ASSIGNMENT: Copy the listing exactly, please, and keep every picture out of it.

INFORMATION SHOWN:
*** Begin section ***
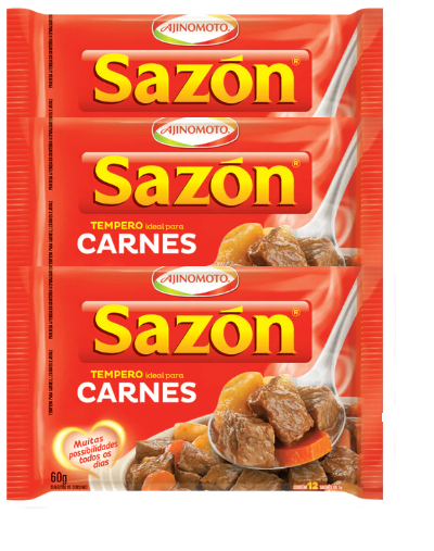 Todo mundo ama SAZÓN® Vermelho! Feito com colorífico, alho, cebola, orégano, salsa e louro, os pratos com carnes ganham muito mais sabor para você e sua família!
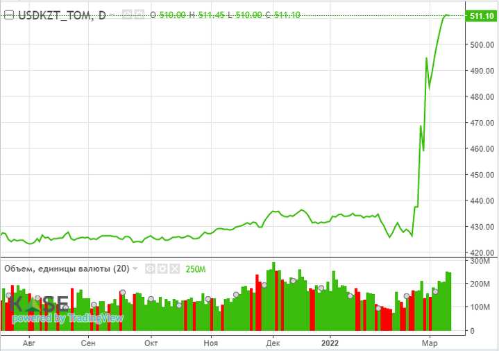 По итогам пятницы, 11 марта, средневзвешенный курс USDKZT вырос до 510,84 тенге за доллар (+0,91 тенге) при повышенном объеме торгов – $249,9 млн (-$2,2 млн). Давление на нацвалюту помимо внешних фундаментальных факторов продолжают оказывать негативные настроения участников локального рынка. Для удовлетворения возросшего спроса на наличную инвалюту Нацбанк прорабатывает вопрос о ее дополнительных поставках из Федрезерва США. Также для противодействия спекуляциям на валютном рынке и покрытия рисков участников финрынка регулятор предложил расширить пределы отклонения курса покупки от курса продажи инвалюты через обменные пункты (для доллара США – с 6 тенге до 15 тенге, евро – с 7 до 20 тенге).
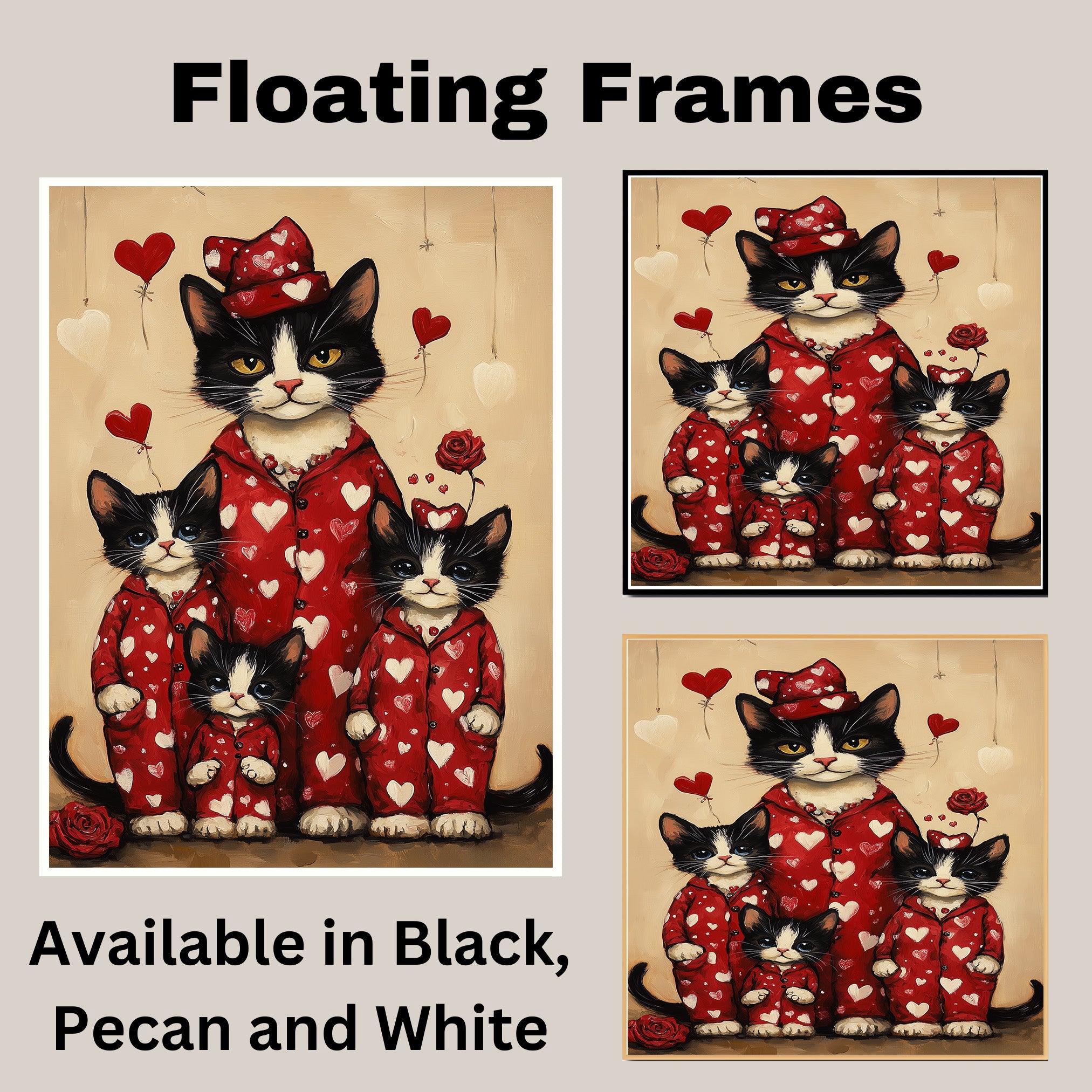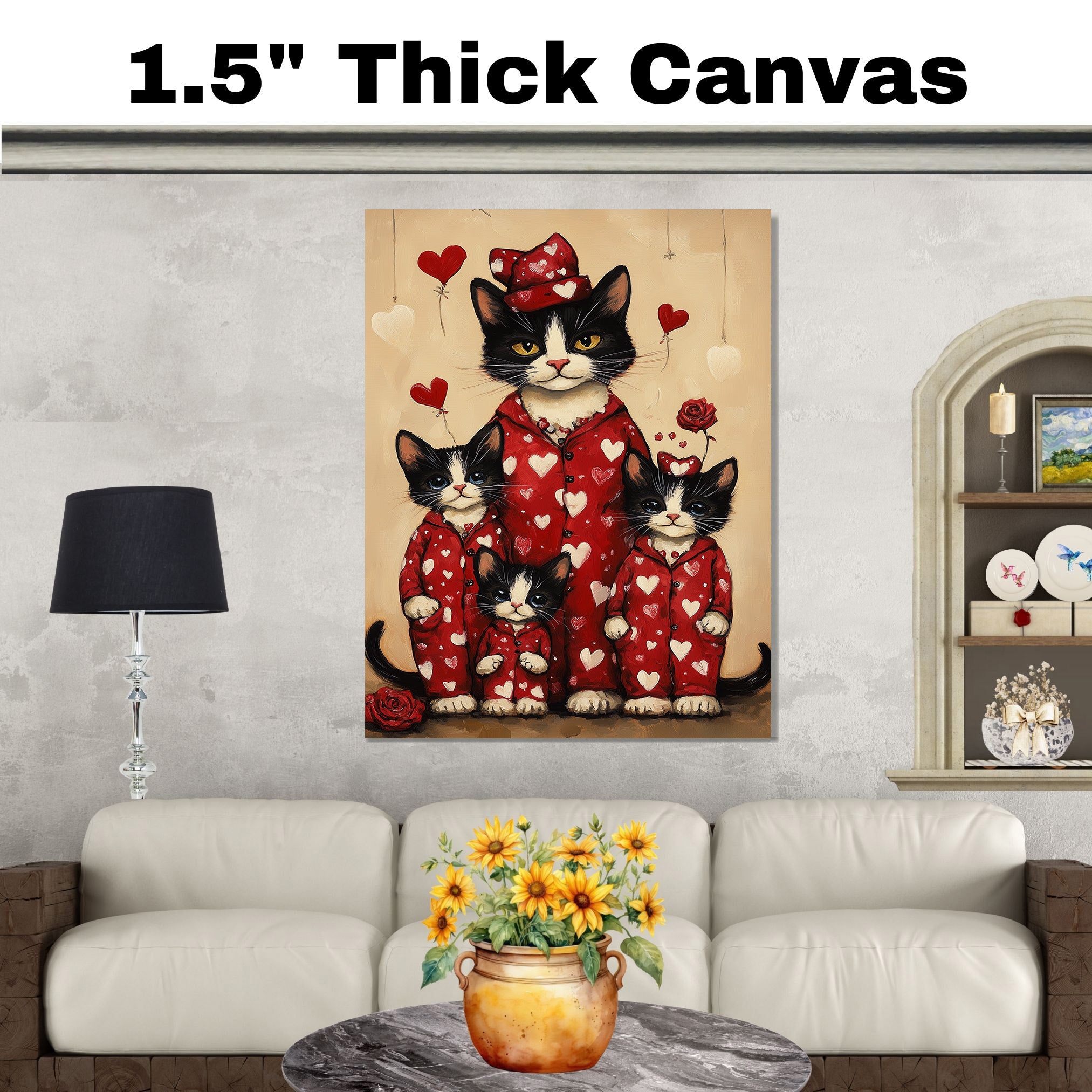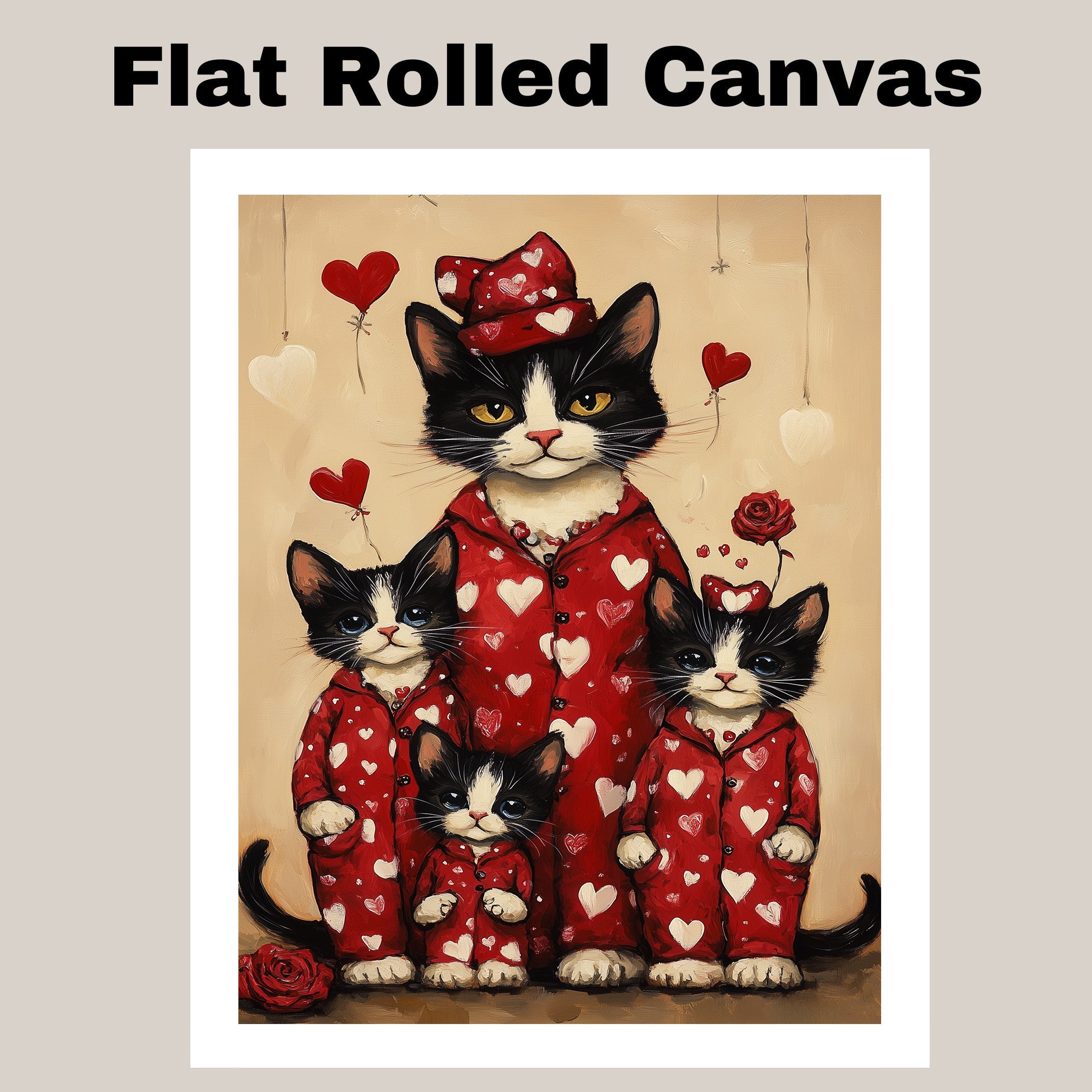 Celebrate love and family with this delightful painting featuring a tuxedo cat mother and her kittens dressed in matching red heart pajamas. Surrounded by floating hearts and a single rose, this charming piece radiates warmth and affection. Perfect for cat lovers or cozy home decor.
*** End section ***
EXERCISE RESULT:
 Todo mundo ama SAZÓN® Vermelho! Feito com colorífico, alho, cebola, orégano, salsa e louro, os pratos com carnes ganham muito mais sabor para você e sua família!
 По итогам пятницы, 11 марта, средневзвешенный курс USDKZT вырос до 510,84 тенге за доллар (+0,91 тенге) при повышенном объеме торгов – $249,9 млн (-$2,2 млн). Давление на нацвалюту помимо внешних фундаментальных факторов продолжают оказывать негативные настроения участников локального рынка. Для удовлетворения возросшего спроса на наличную инвалюту Нацбанк прорабатывает вопрос о ее дополнительных поставках из Федрезерва США. Также для противодействия спекуляциям на валютном рынке и покрытия рисков участников финрынка регулятор предложил расширить пределы отклонения курса покупки от курса продажи инвалюты через обменные пункты (для доллара США – с 6 тенге до 15 тенге, евро – с 7 до 20 тенге).
 Celebrate love and family with this delightful painting featuring a tuxedo cat mother and her kittens dressed in matching red heart pajamas. Surrounded by floating hearts and a single rose, this charming piece radiates warmth and affection. Perfect for cat lovers or cozy home decor.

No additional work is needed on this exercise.